_What needs to be done:_
Without the pictures, output the records below exactly as they are.

_Exercise data:_
'''
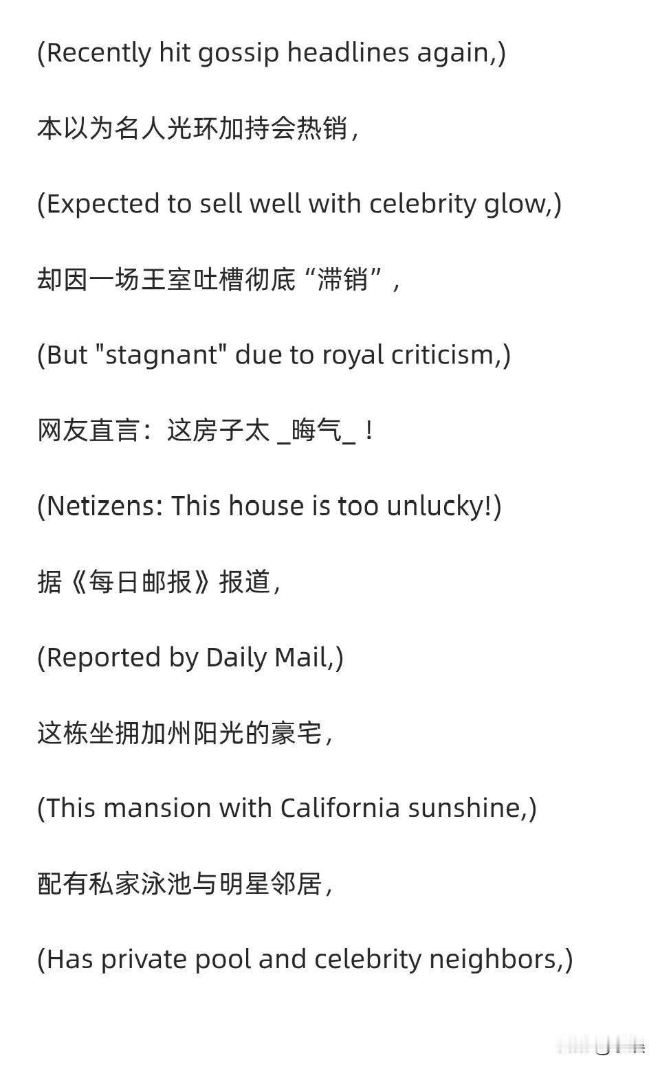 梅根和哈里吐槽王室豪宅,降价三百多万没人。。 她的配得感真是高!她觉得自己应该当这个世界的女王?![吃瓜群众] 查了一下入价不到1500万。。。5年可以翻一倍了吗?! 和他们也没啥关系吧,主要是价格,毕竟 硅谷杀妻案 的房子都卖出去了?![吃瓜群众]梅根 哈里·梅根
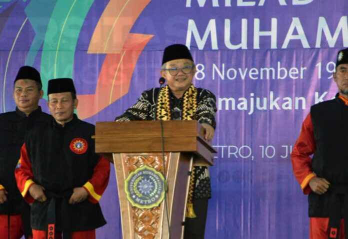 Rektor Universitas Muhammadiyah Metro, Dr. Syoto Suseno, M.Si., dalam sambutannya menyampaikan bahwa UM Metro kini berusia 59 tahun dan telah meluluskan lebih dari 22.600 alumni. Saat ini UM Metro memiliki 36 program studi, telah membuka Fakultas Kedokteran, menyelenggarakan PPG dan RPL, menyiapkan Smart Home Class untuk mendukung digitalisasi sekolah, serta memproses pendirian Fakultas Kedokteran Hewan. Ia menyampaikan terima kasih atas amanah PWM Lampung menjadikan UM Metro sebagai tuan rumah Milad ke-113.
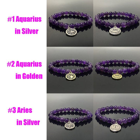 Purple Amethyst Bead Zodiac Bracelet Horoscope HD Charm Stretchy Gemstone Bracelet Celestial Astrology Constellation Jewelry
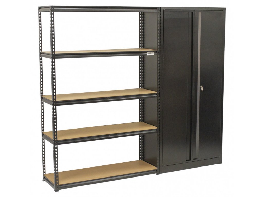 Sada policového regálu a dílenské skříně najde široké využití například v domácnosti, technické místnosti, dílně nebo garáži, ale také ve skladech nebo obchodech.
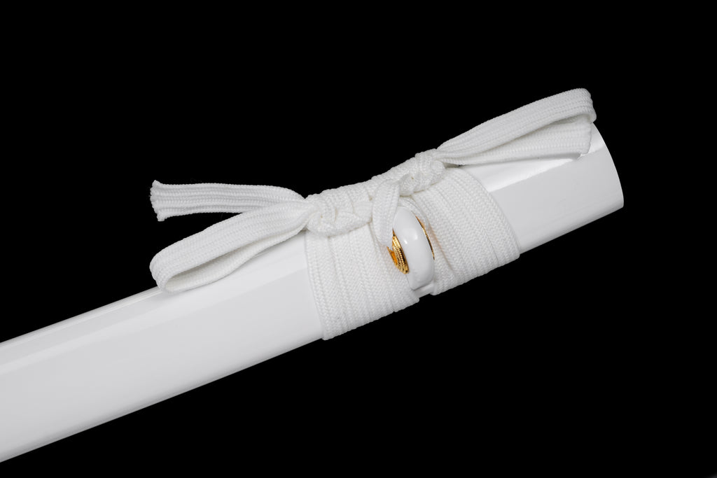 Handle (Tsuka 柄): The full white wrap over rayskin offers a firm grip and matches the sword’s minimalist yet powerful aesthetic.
'''
_Output below:_
 梅根和哈里吐槽王室豪宅,降价三百多万没人。。 她的配得感真是高!她觉得自己应该当这个世界的女王?![吃瓜群众] 查了一下入价不到1500万。。。5年可以翻一倍了吗?! 和他们也没啥关系吧,主要是价格,毕竟 硅谷杀妻案 的房子都卖出去了?![吃瓜群众]梅根 哈里·梅根
 Rektor Universitas Muhammadiyah Metro, Dr. Syoto Suseno, M.Si., dalam sambutannya menyampaikan bahwa UM Metro kini berusia 59 tahun dan telah meluluskan lebih dari 22.600 alumni. Saat ini UM Metro memiliki 36 program studi, telah membuka Fakultas Kedokteran, menyelenggarakan PPG dan RPL, menyiapkan Smart Home Class untuk mendukung digitalisasi sekolah, serta memproses pendirian Fakultas Kedokteran Hewan. Ia menyampaikan terima kasih atas amanah PWM Lampung menjadikan UM Metro sebagai tuan rumah Milad ke-113.
 Purple Amethyst Bead Zodiac Bracelet Horoscope HD Charm Stretchy Gemstone Bracelet Celestial Astrology Constellation Jewelry
 Sada policového regálu a dílenské skříně najde široké využití například v domácnosti, technické místnosti, dílně nebo garáži, ale také ve skladech nebo obchodech.
 Handle (Tsuka 柄): The full white wrap over rayskin offers a firm grip and matches the sword’s minimalist yet powerful aesthetic.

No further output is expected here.